When the Michigan DNR Procedure Act was enacted more than 20 years ago, it was pointed out that advances in medical technology had made it possible, in some cases, to continue the life of a person whose heart and respiratory system had stopped functioning. Through contemporary life-saving techniques, people who appear to have died sometimes can be revived. The statute recognized that these interventions are not welcome in all cases. The same applies today regarding children with incurable conditions. Medical technology is such that babies who would not have made it to term in the recent past, now are being born and kept alive. Children with severe birth defects are living longer than ever, sometimes far exceeding doctors' expectations.
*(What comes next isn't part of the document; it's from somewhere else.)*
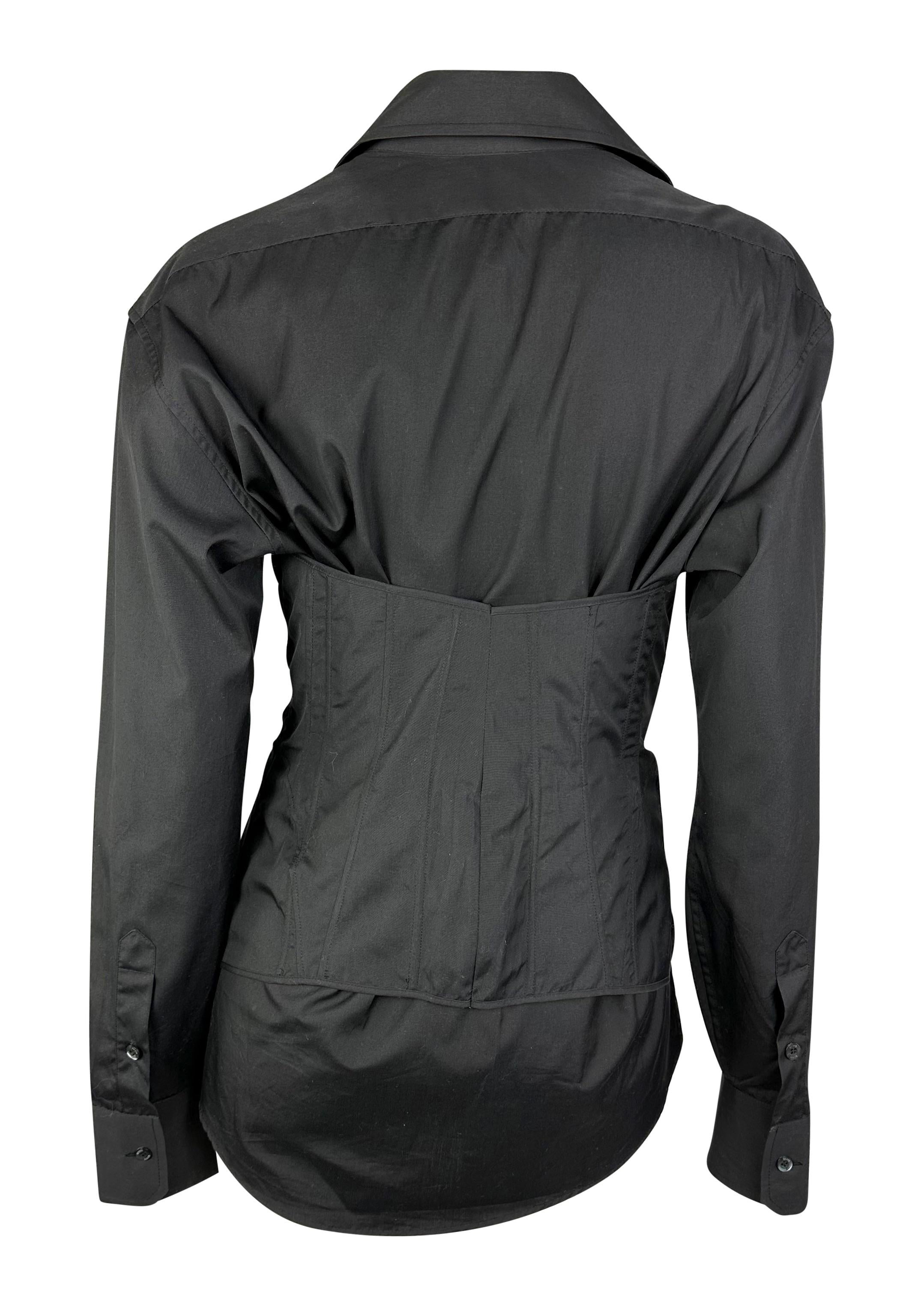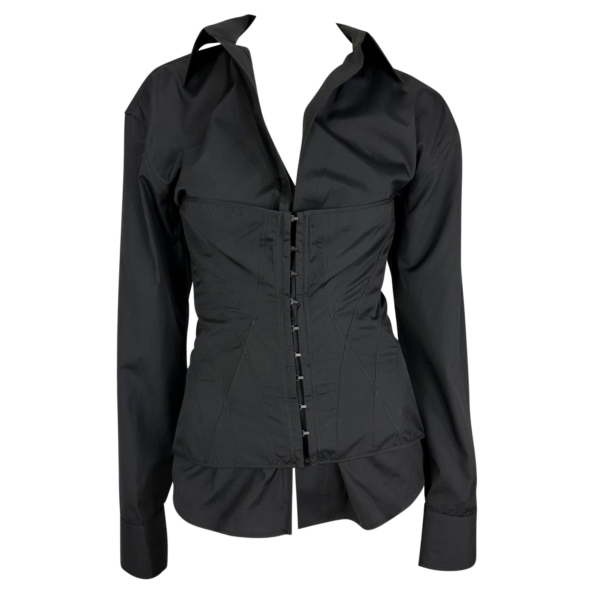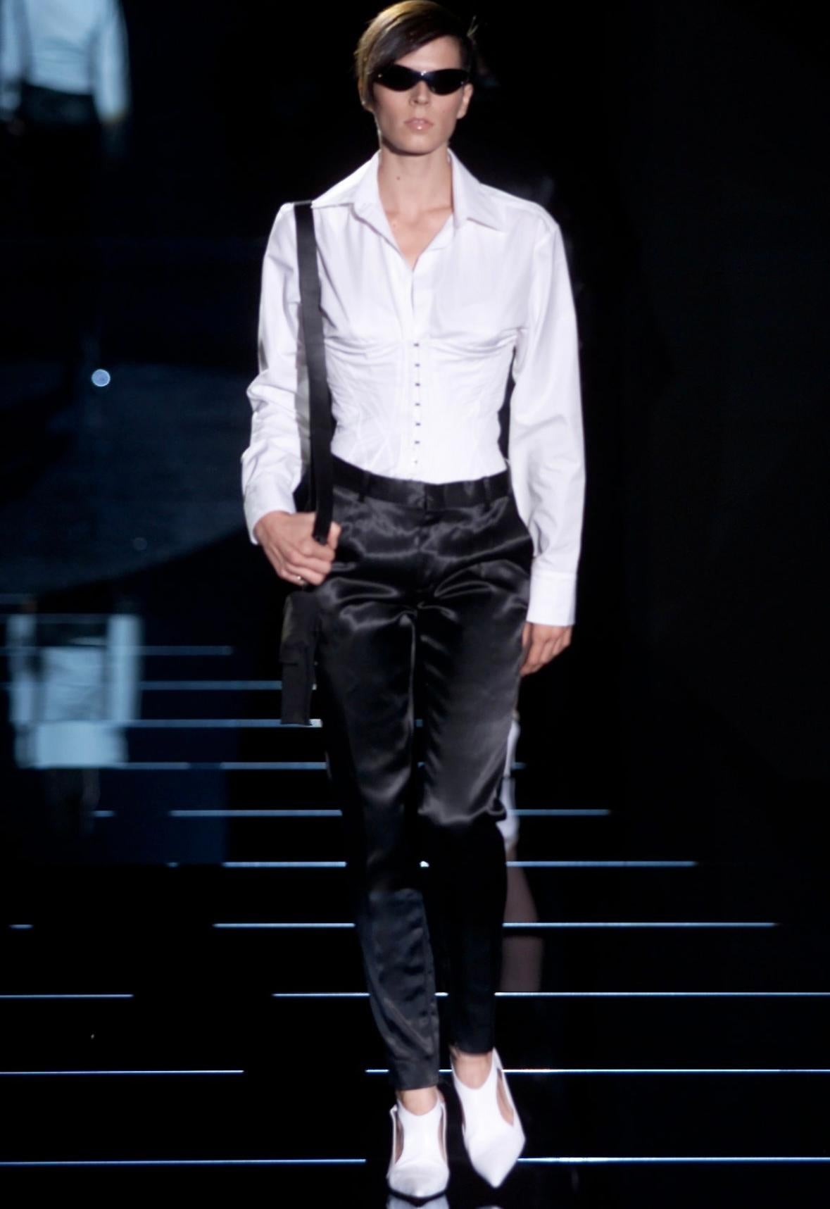 Presenting an incredible Gucci collared corset top, designed by Tom Ford for Gucci's Spring/Summer 2001 collection. Versions of this fabulous top debuted on runway looks 13 and 19 and were highlighted in the season's ad campaign, modeled by Kate Moss. This top features a classic collared shirt silhouette instantly elevated with an attached external corset. The top does not have the standard button-down closure creating a free-flowing plunging neckline. This punk chic top is a must-have for any Gucci by Tom Ford lover!

These children deserve the best possible quality of life, including educational opportunities, for as long they survive. Under this legislation, parents would not have to fear that unwanted CPR would be performed if their children attended school, and children with terminal conditions would not be denied the benefits of going to school.
Legislative Analyst: Suzanne Lowe
FISCAL IMPACT
Senate Bills 784 (S-2) & 786 (S-1)
The bills would have no fiscal impact on State or local government.
Senate Bill 827 (S-1)
The bill would have no fiscal impact on the State, and minimal or no impact on local units of government. Schools that received do-not-resuscitate orders or POST forms would have to create files and update them annually for pupils without an individualized education program. For pupils with an IEP, schools would need only to update the information in the pupils' files and update them annually. Due to uncertainty in the number, location, and IEP status of pupils who would have a do-not-resuscitate order or POST form, an exact cost is difficult to estimate, but would likely be negligible.
Michael Siracuse
This analysis was prepared by nonpartisan Senate staff for use by the Senate in its deliberations and does not constitute an official statement of legislative intent.